(Exercise data)
========================================

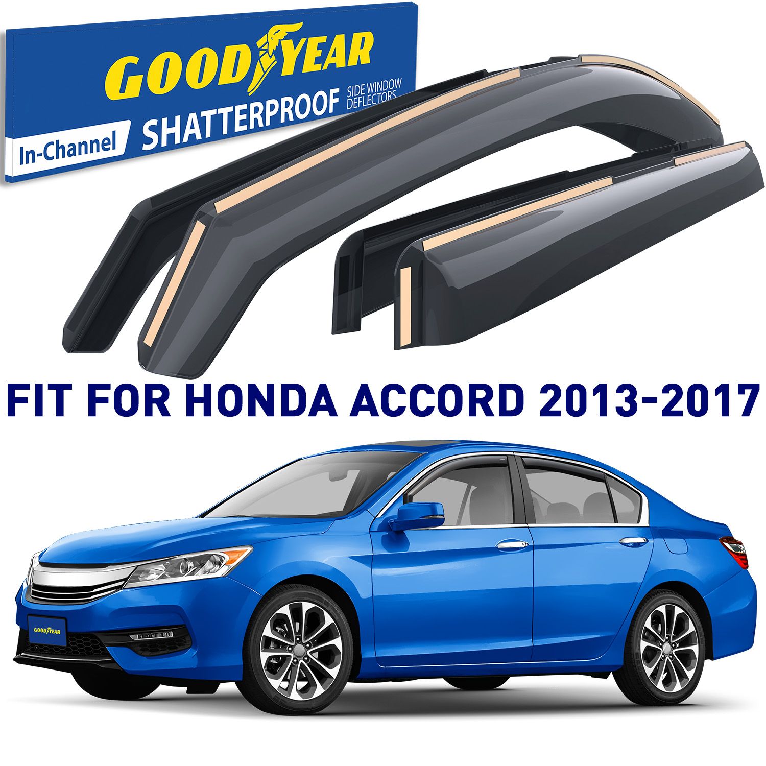 Goodyear Shatterproof in-Channel Window Deflectors for Honda Accord 13-17 , Rain Guards, Window Visors for Cars, Vent Deflector, Car Accessories, 4pcs., – GY008001
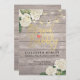 Bridal Shower / Wedding Celebration Invitation Card Templates - Elegant White lovely Watercolor Hydrangea Flowers and String Lights on Rustic Wood Background.
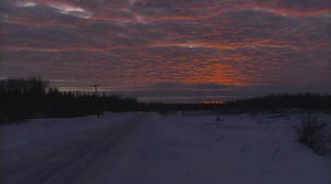 As he reiterated in Montreal during his introduction to the film at the 2006 FNC, the years of living in the remote region of Zama was an inspiration in making Snow; as well as his first feature film, Mirror, which was also shot in Zama and is in many respects a run through for Snow. Both Snow and (less so) Mirror are designed as mood pieces structured around the idea of ‘cabin fever,’ what living in deep isolation does to one’s state of mind, and consequently one’s sense of perception. The central character Loeffen (played by Lambert Loeffen) works at an oil field in Alberta, Canada 150 miles from the nearest settlement or town, Zama City. Zama City is located in the Northwest Corner of the Province of Alberta, roughly 900 kilometres (560 miles) north of Edmonton. Loeffen’s days revolve around work, which includes, when he is lucky, day trips to Zama to purchase work supplies. There is not much of a plot in Snow, just a sequence of scenes following Loeffen as he gets his work order, drives to Zama and seeks some companionship and diversion. Although the potential for diversion might not seem great in Zama –a diner, a convenience store and the odd ‘party’ at the town hall– Loeffen looks forward to his trips to Zama. The film details such a day.
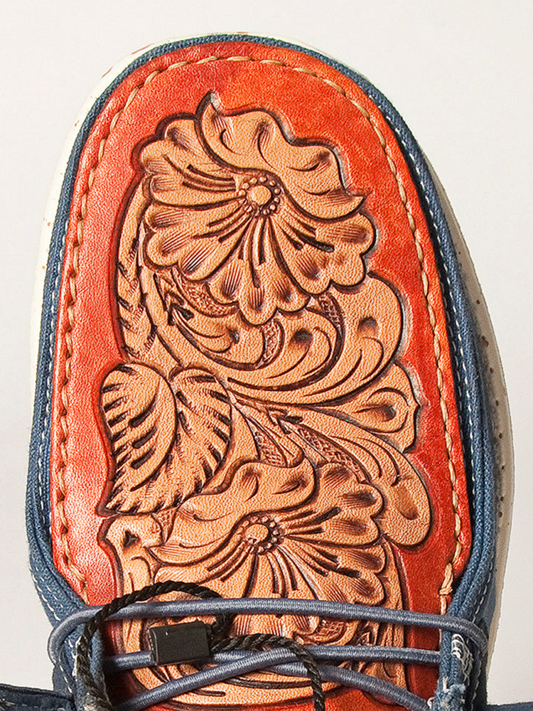 Detailed Hand tooled, carved and finally antique hand finished vegetable tanned American Cowhide Leather, exquisitely done by the finest artists and craftsmen in the country.

========================================

Go through the material above and print all of it exactly, except the pictures.

(Written response)
 Goodyear Shatterproof in-Channel Window Deflectors for Honda Accord 13-17 , Rain Guards, Window Visors for Cars, Vent Deflector, Car Accessories, 4pcs., – GY008001
 Bridal Shower / Wedding Celebration Invitation Card Templates - Elegant White lovely Watercolor Hydrangea Flowers and String Lights on Rustic Wood Background.
 As he reiterated in Montreal during his introduction to the film at the 2006 FNC, the years of living in the remote region of Zama was an inspiration in making Snow; as well as his first feature film, Mirror, which was also shot in Zama and is in many respects a run through for Snow. Both Snow and (less so) Mirror are designed as mood pieces structured around the idea of ‘cabin fever,’ what living in deep isolation does to one’s state of mind, and consequently one’s sense of perception. The central character Loeffen (played by Lambert Loeffen) works at an oil field in Alberta, Canada 150 miles from the nearest settlement or town, Zama City. Zama City is located in the Northwest Corner of the Province of Alberta, roughly 900 kilometres (560 miles) north of Edmonton. Loeffen’s days revolve around work, which includes, when he is lucky, day trips to Zama to purchase work supplies. There is not much of a plot in Snow, just a sequence of scenes following Loeffen as he gets his work order, drives to Zama and seeks some companionship and diversion. Although the potential for diversion might not seem great in Zama –a diner, a convenience store and the odd ‘party’ at the town hall– Loeffen looks forward to his trips to Zama. The film details such a day.
 Detailed Hand tooled, carved and finally antique hand finished vegetable tanned American Cowhide Leather, exquisitely done by the finest artists and craftsmen in the country.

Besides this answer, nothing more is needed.